Чудища Эдема. Трилобиты, аномалокарисы, ракоскорпионы и другие монстры — страница 11 из 16

Homo habilis’ы настолько крутыми, чтобы доконать огромных монстров?

Возможно, взаимосвязь была прямо обратной. Аридизация климата, саваннизация ландшафтов и формирование чередования влажного и сухого сезонов привели к вымиранию очень больших малоподвижных копытных – большинства слонов, носорогов, жирафов, буйволов и гигантских антилоп. Вслед за ними в палеонтологическую летопись отправились и охотившиеся на них саблезубые. На короткий миг появилась возможность занять экологическую нишу среднеразмерных хищников как раз масштаба леопарда и человека. Люди получили уникальную возможность стать плотоядными, тем более преобразования экосистемы требовали изменений образа жизни. При этом мы не специализировались до исключительной плотоядности, а остались всеядными, что потребовало большего развития интеллекта и сделало нас умницами. Тут-то мы и вышли на новый уровень, обзавелись орудиями и отрастили мозги до «мозгового рубикона» – величины 700–900 см3, необходимых для более-менее полноценной трудовой деятельности, охоты, использования разнообразных ресурсов и даже примитивнейшей речи.

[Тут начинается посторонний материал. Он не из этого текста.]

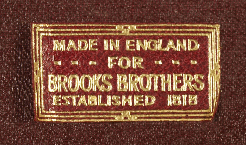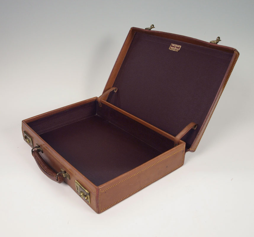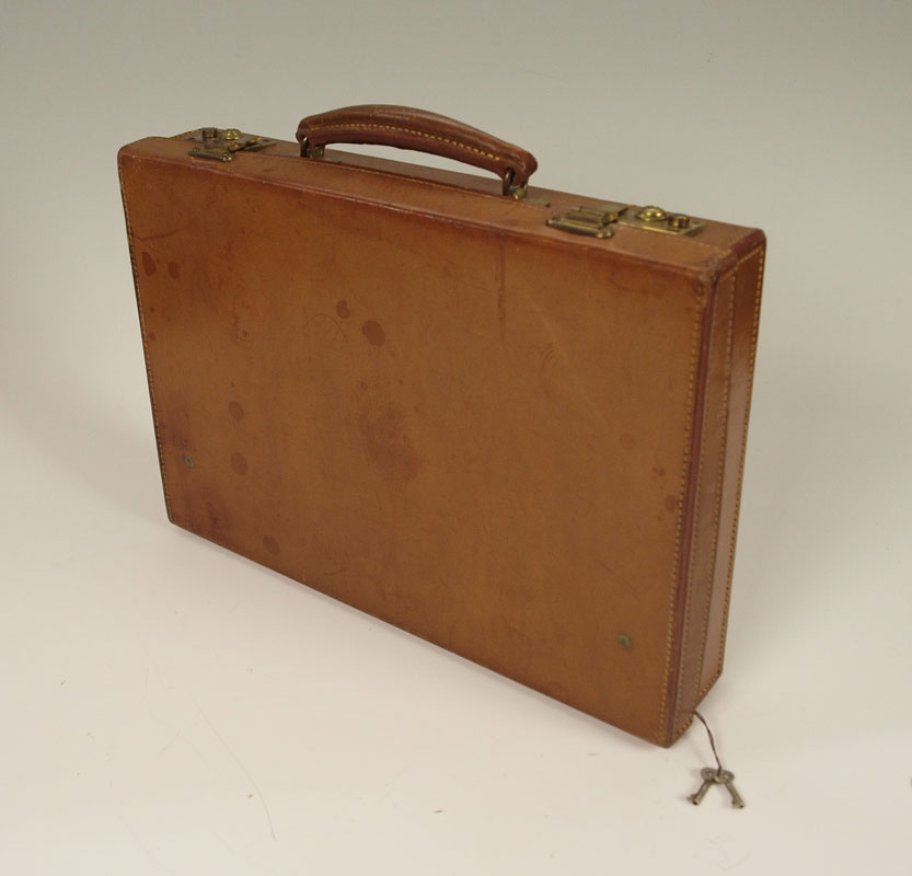 BROOKS BROTHERS LEATHER CITY ATTACHE CASE: Natural tan leather with brass fittings. Made in England especially for Brooks Brothers. Has 2 keys. 12 1/4'' x 16 1/4'' x 3''.

С этого момента или чуть позже мы стали опаснее для леопардов, чем наоборот. Например, во французской пещере Ортю в слое с неандертальской микокской культурой и датировкой около 110 тыс. л. н. сохранились левая лапа и хвост леопарда, кости которых находятся в сочленении. В южноафриканской пещере Дипклооф, в нескольких слоях с культурами стиллбей и ховьесонс-пурт и датировками от 129 до 52 тыс. л. н. найдены нижние челюсти и кости лап леопардов, каракалов, сервалов и лесных кошек с надрезками. А ведь, когда мы находим челюсти, лапки и хвостики, это однозначно остатки шкур (другой возможный вариант о том же – тушка без концов лапок и хвостика, когда шкурку содрали и унесли). Если неандертальцы в ледниковой Европе ещё могли греться, то в Африке-то это было не существенно. Леопард – опаснейший зверь, зато красивый, а сервал – ещё красивее, но скрытнее. Мяса от них небогато, а вот отхватить когтями можно запросто. Получается, для древних щёголей было важно показать свою крутость и удаль молодецкую. Неспроста и в современной Африке в некоторых культурах мантии или шапки из леопардовых шкур символизируют власть.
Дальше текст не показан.